What to work on.
Exactly the lines below, starting with the one containing "종이봉투 안에는 버거가 차분히 놓여 있습니다." and going on through the one containing "升旗儀式,在七點(diǎn)", must be reproduced, both ends included, and no pictures with them.

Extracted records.
* * *
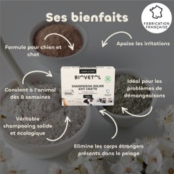 Votre animal se gratte tellement qu'on pourrait penser qu'il vise le record du monde de démangeaisons ? Pas de panique, nous avons exactement ce qu'il vous faut : le shampooing anti-gratte Biovetol, certifié par Ecocert Ecosoin des animaux. Finis les marathons de grattage ! Son format solide est écologique et économique. Il consomme moins de matière plastique et contient plus de produit. Vous faites un petit geste pour la planète et votre portefeuille.
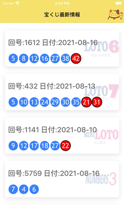 the best APP for the lottery fans to get the Japan lottery information. It let you quickly and easily check the latest lottery results of Loto7, Loto6, Mini Loto, Number3 and Number4.
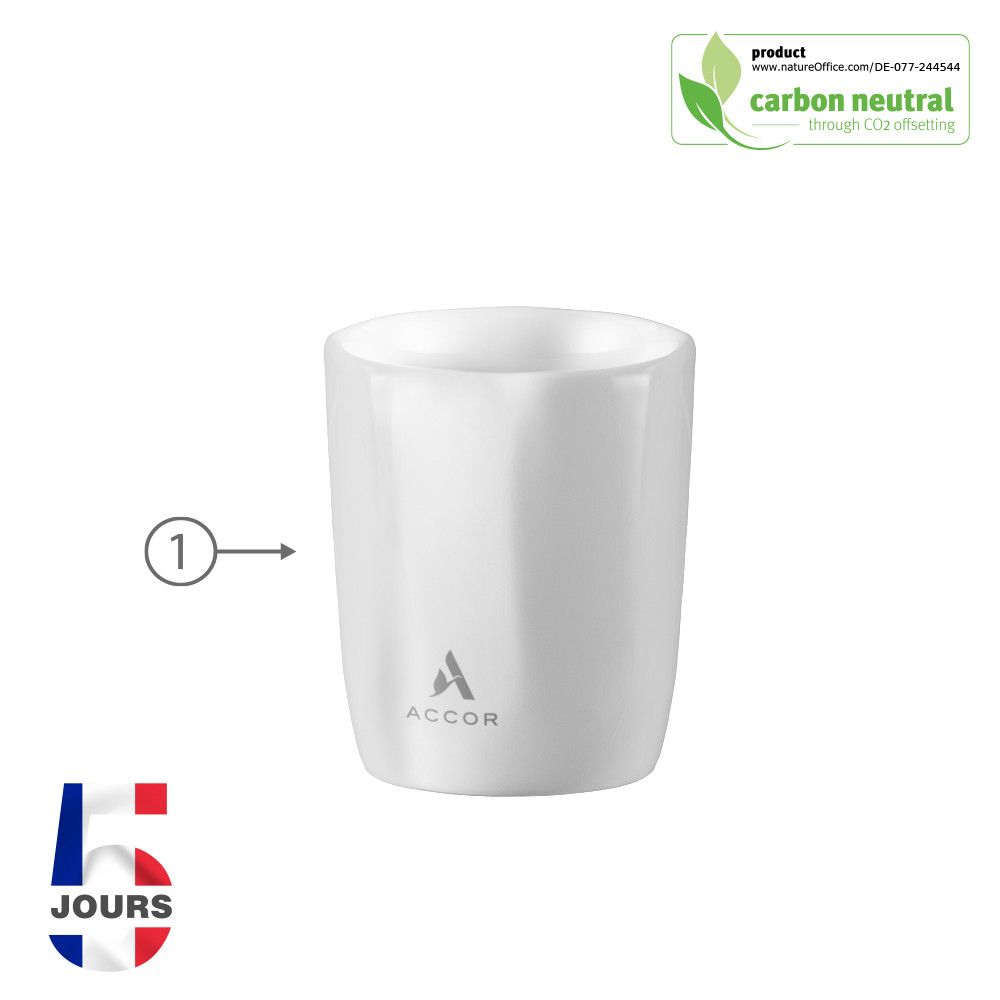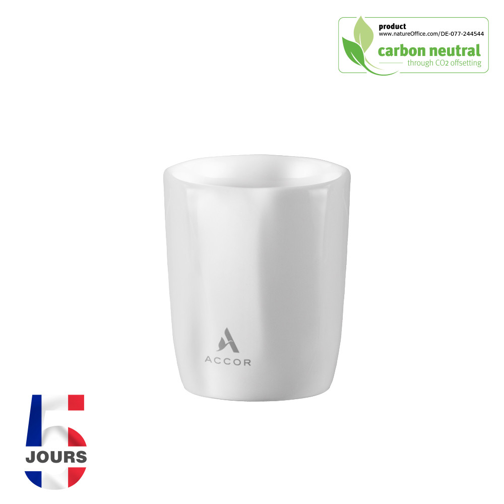 Double-walled, circular reusable coffee-to-go cup with lid from Circular&Co. The outer insulating layer of this cup is made from used, recycled single-use paper coffee cups. With inner wall and lid made from PP. 100% leak proof. The insulating effect keeps your hot drink hotter and cold drink colder for longer. The lid is designed with patented 360-degree technology, which allows you to sip from any angle. The coffee cup can be opened and closed with one hand and one click. Ideal for on the go. 100% recyclable. Dishwasher-safe. Washing by hand is recommended to preserve the imprint. Capacity 340 ml. EXTRA INFO: With a minimum order of 5,000 pieces, the lid of this product is available in any PMS colour. A way to create a perfect match between product and imprint. Packed individually.
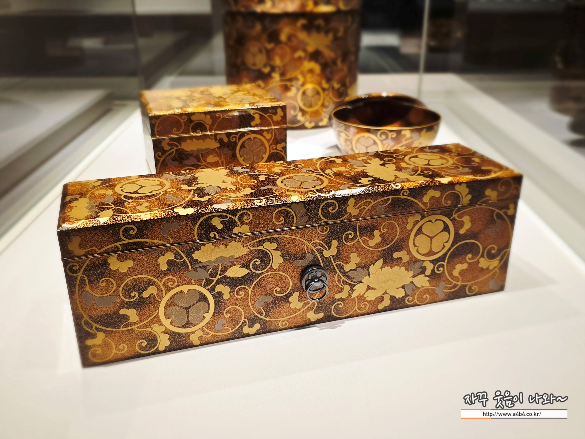 한편, 이 시기 상류층 무가(武家) 사회에서 혼례 의식과 혼수품은 가문의 위세와 품격을 드러내는 중요한 수단이었습니다. 이 도구 역시 검은 칠 바탕에 금은 가루를 뿌려 장식하는 마키에 기법으로 화려하게 꾸몄습니다. 금은 가루를 배경에 흩뿌린 뒤, 그 위에 모란넝쿨무늬와 도쿠가와 가문의 문장(葵紋), 그리고 접시꽃무늬를 군데군데 배치해 한층 더 화려함을 살렸습니다. 이처럼 꾸밈은 때때로 권위를 드러내는 방식으로도 사용되었습니다
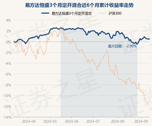 证券之星消息,9月12日,易方达恒盛3个月定开混合最新单位净值为1.0925元,累计净值为1.2805元,较前一交易日下跌0.06%。历史数据显示该基金近1个月下跌0.14%,近3个月下跌2.08%,近6个月上涨0.42%,近1年上涨3.53%。该基金近6个月的累计收益率走势如下图:
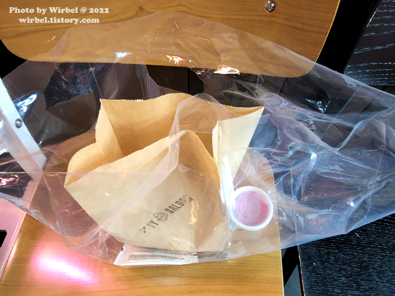 종이봉투 안에는 버거가 차분히 놓여 있습니다.
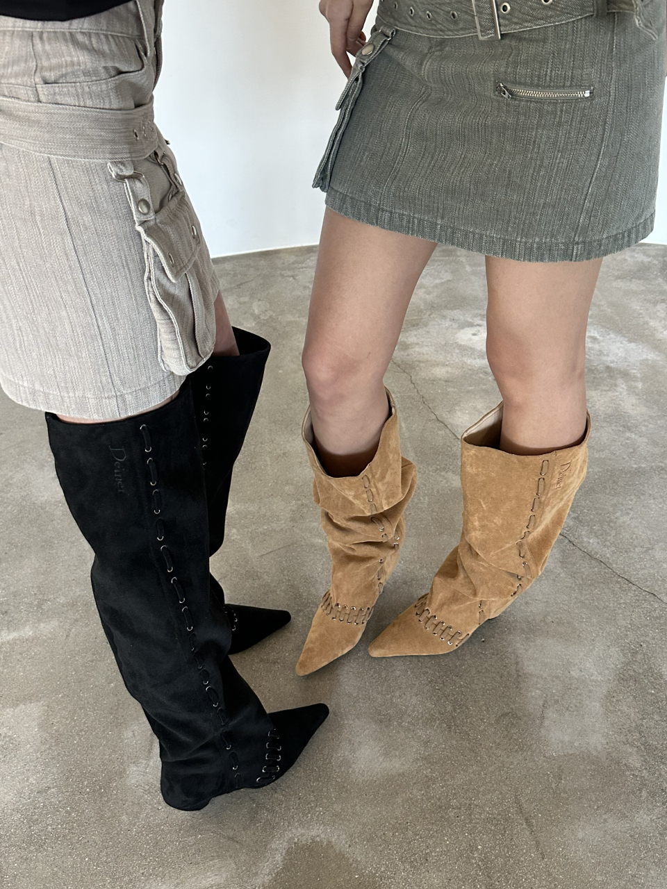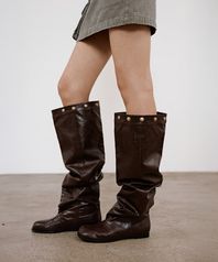 STUD NATURAL THIGH HIGH BOOTS IN BROWN
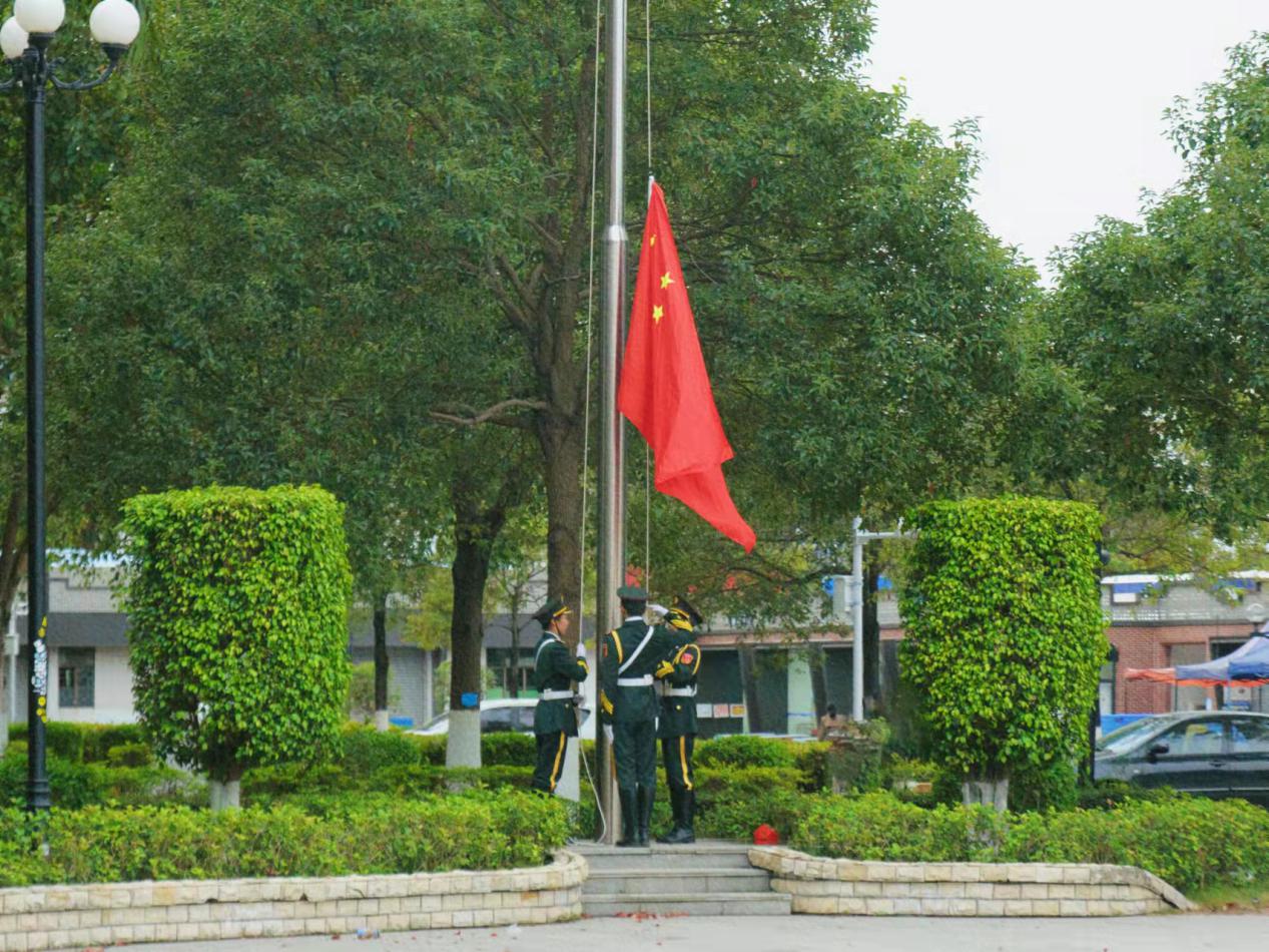 升旗儀式,在七點(diǎn)半準(zhǔn)時(shí)進(jìn)行;伴隨著莊嚴(yán)的《中華人民共和國國歌》,全體師生面向國旗行注目禮,五星紅旗在英姿颯爽的國旗手手中冉冉升起。
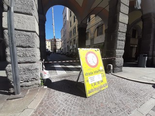 Questa mattina è stata chiusa al traffico veicolare via Aü Fossu a Savona. La polizia locale ha posizionato il cartello di divieto per consentire alla gru di Vernazza di intervenire sul tetto del palazzo della Banca Popolare di Novara.
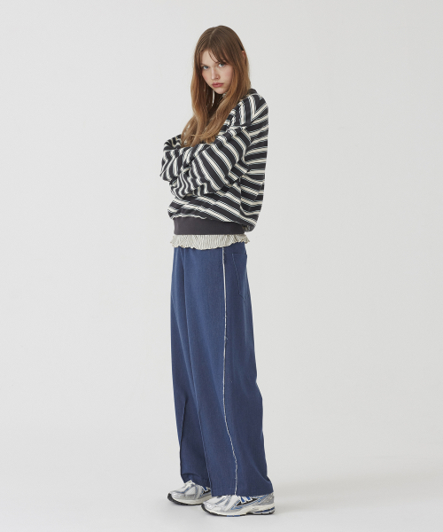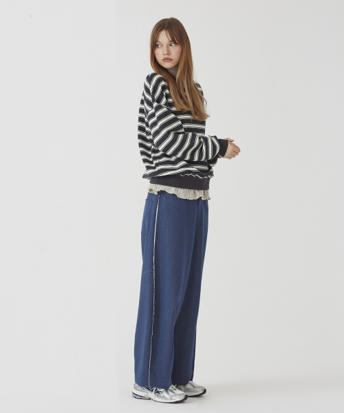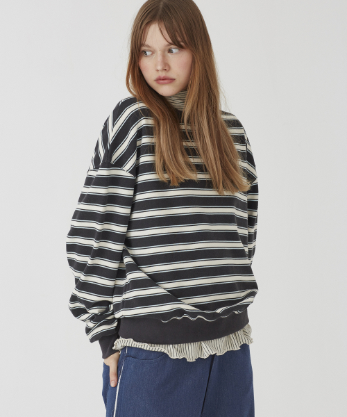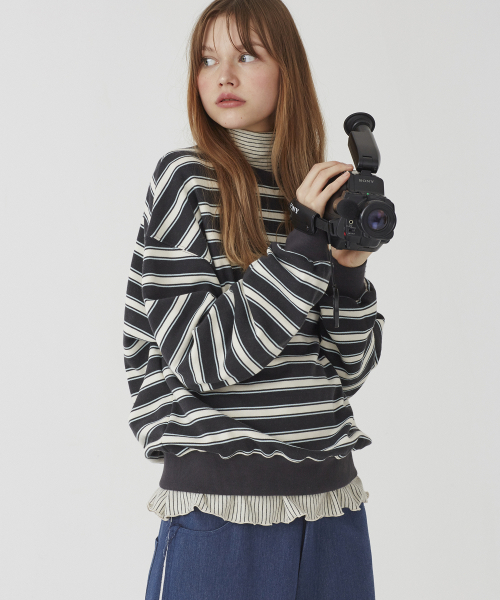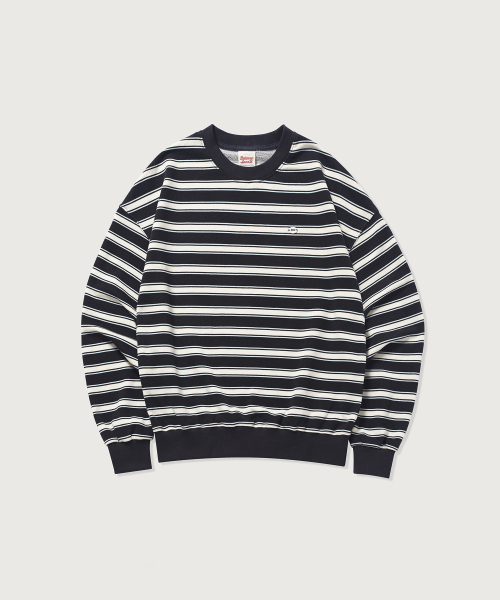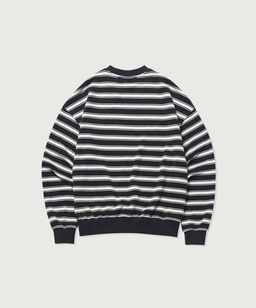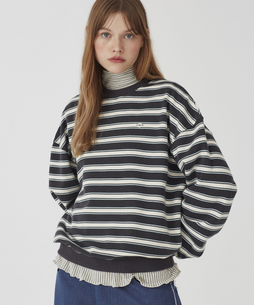 스트라이프 크루넥 스웨트셔츠 [차콜+아이보리]
* * *
Reply to the exercise.
 종이봉투 안에는 버거가 차분히 놓여 있습니다.
 STUD NATURAL THIGH HIGH BOOTS IN BROWN
 升旗儀式,在七點(diǎn)半準(zhǔn)時(shí)進(jìn)行;伴隨著莊嚴(yán)的《中華人民共和國國歌》,全體師生面向國旗行注目禮,五星紅旗在英姿颯爽的國旗手手中冉冉升起。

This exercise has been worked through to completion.